> Exercise objective
Among the lines below, restate word for word only those from the line with "위 이미지처럼 예외(panic)가" through the line with "Figure below shows", with both end lines kept.

[Records for the task]

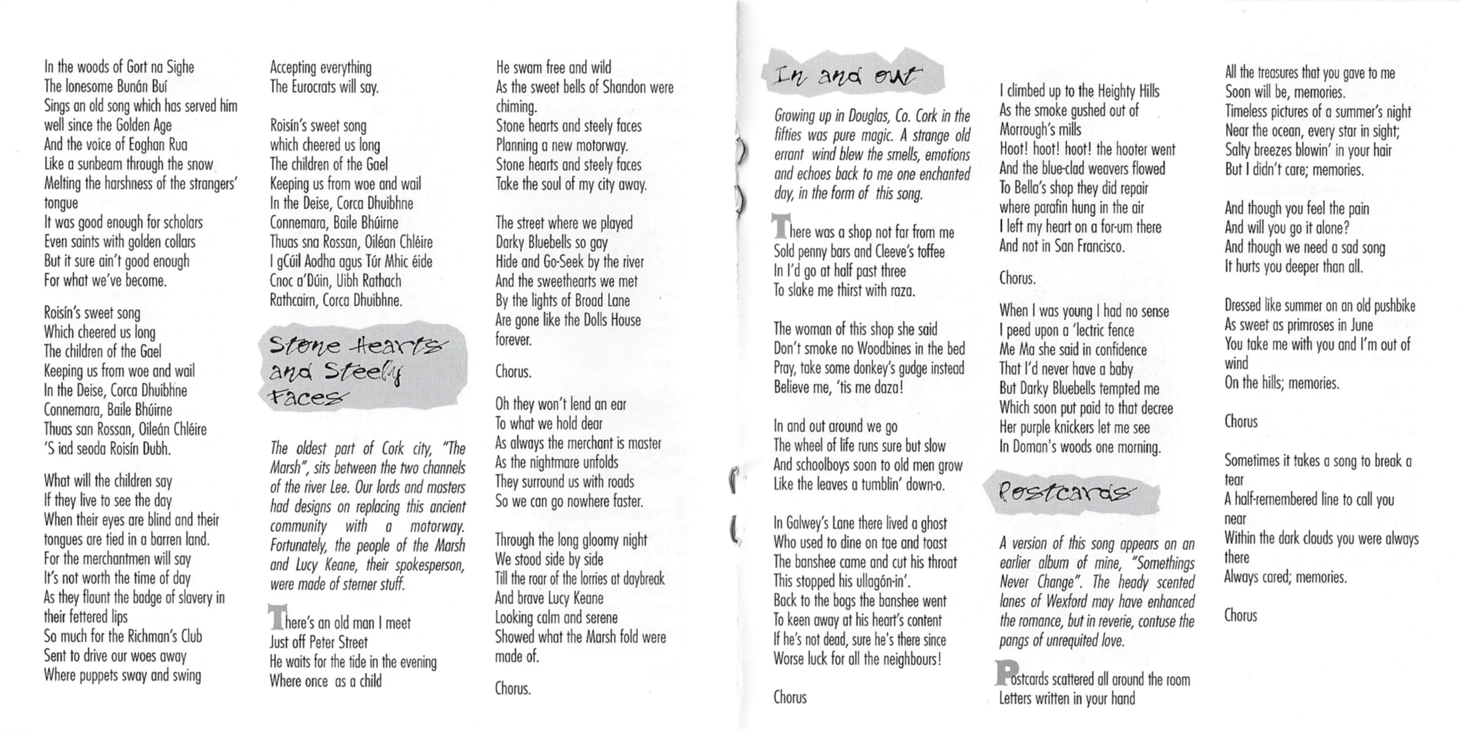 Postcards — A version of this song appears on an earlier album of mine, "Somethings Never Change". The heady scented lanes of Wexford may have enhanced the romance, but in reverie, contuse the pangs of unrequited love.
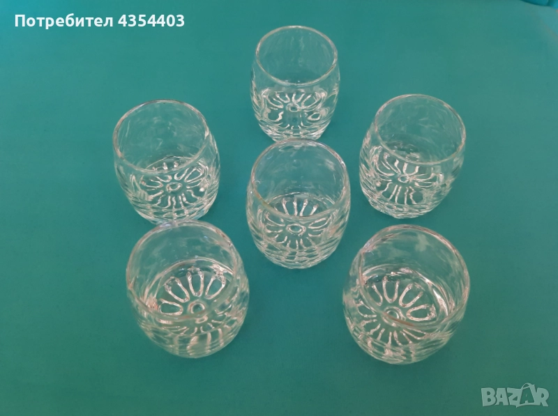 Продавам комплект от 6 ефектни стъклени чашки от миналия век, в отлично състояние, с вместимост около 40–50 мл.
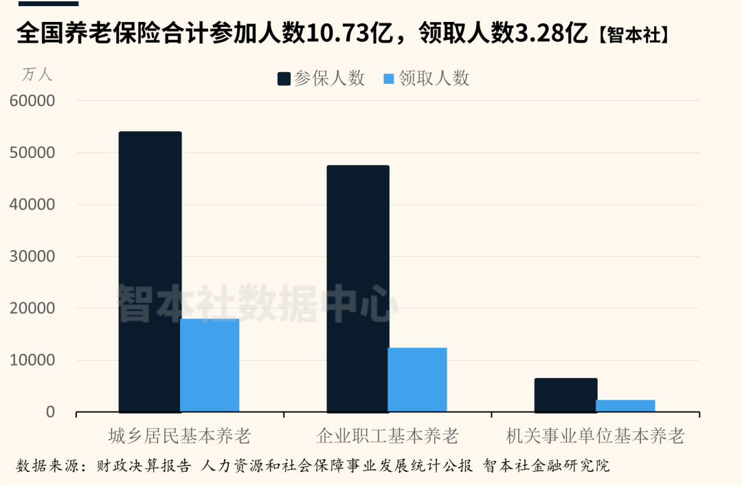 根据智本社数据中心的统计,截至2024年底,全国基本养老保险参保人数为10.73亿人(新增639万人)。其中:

[/Records for the task]
[Records for the task]

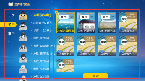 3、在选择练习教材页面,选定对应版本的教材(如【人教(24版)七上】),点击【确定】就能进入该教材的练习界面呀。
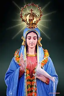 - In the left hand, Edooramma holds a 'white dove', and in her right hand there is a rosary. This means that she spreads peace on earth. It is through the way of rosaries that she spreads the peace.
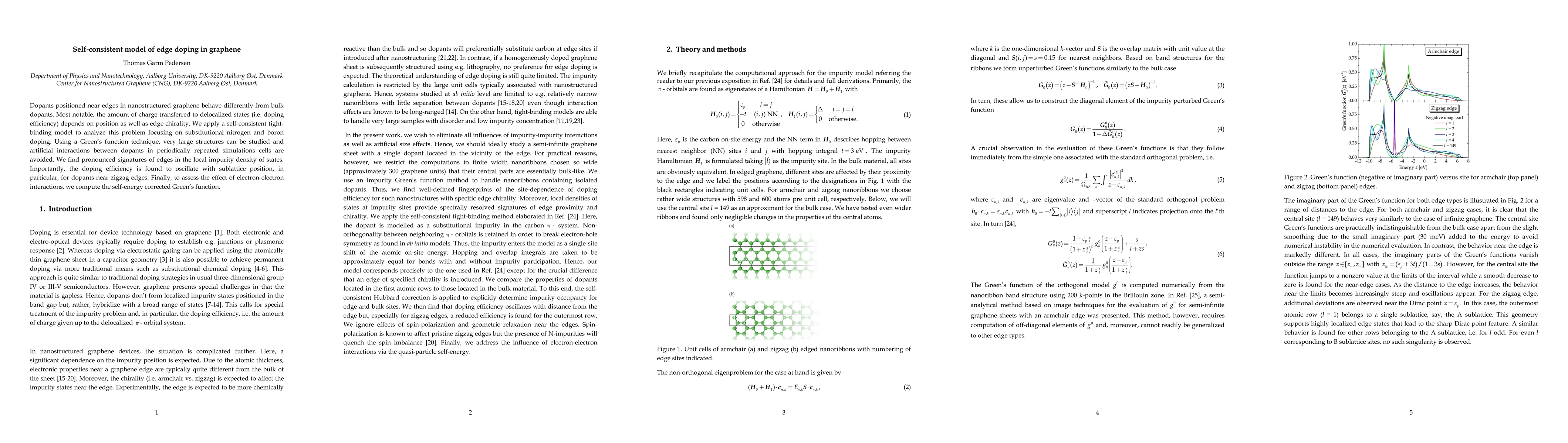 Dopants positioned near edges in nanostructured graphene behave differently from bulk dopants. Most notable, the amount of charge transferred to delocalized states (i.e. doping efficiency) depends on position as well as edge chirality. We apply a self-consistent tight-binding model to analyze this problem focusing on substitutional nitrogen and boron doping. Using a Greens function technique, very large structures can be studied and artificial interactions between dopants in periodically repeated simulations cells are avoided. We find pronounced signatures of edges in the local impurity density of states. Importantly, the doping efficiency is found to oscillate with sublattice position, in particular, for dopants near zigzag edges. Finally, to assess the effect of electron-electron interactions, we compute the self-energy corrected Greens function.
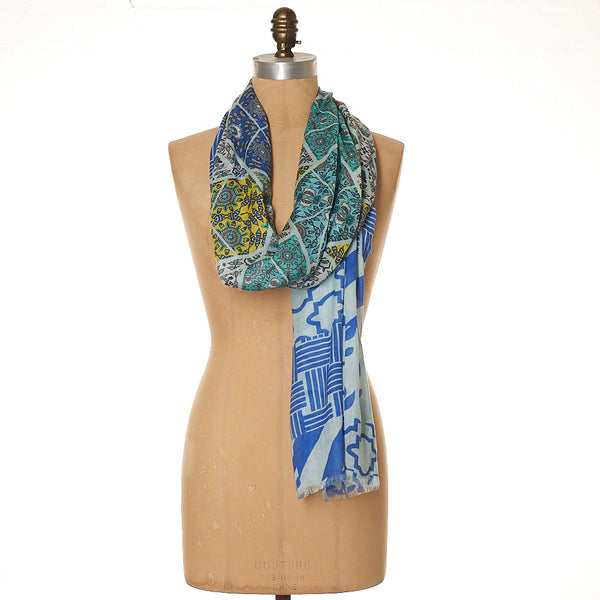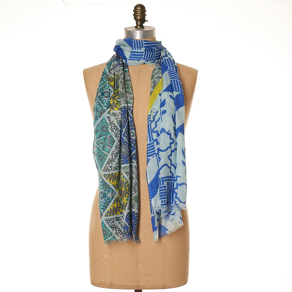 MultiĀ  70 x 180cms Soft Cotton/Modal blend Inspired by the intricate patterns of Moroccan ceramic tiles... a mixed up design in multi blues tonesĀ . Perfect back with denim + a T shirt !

[/Records for the task]
[Records for the task]

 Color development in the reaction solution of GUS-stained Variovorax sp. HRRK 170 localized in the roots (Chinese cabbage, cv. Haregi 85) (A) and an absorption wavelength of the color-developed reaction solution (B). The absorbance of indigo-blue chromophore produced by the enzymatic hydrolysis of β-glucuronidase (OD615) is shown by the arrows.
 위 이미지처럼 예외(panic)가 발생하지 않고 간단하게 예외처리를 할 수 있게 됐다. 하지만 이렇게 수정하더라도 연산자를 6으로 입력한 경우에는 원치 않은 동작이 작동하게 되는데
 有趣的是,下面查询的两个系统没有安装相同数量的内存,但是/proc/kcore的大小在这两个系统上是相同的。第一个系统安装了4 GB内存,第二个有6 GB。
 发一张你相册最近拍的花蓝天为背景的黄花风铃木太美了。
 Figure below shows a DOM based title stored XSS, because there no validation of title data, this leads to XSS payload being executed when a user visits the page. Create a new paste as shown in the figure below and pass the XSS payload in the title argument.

[/Records for the task]

> Solution
 위 이미지처럼 예외(panic)가 발생하지 않고 간단하게 예외처리를 할 수 있게 됐다. 하지만 이렇게 수정하더라도 연산자를 6으로 입력한 경우에는 원치 않은 동작이 작동하게 되는데
 有趣的是,下面查询的两个系统没有安装相同数量的内存,但是/proc/kcore的大小在这两个系统上是相同的。第一个系统安装了4 GB内存,第二个有6 GB。
 发一张你相册最近拍的花蓝天为背景的黄花风铃木太美了。
 Figure below shows a DOM based title stored XSS, because there no validation of title data, this leads to XSS payload being executed when a user visits the page. Create a new paste as shown in the figure below and pass the XSS payload in the title argument.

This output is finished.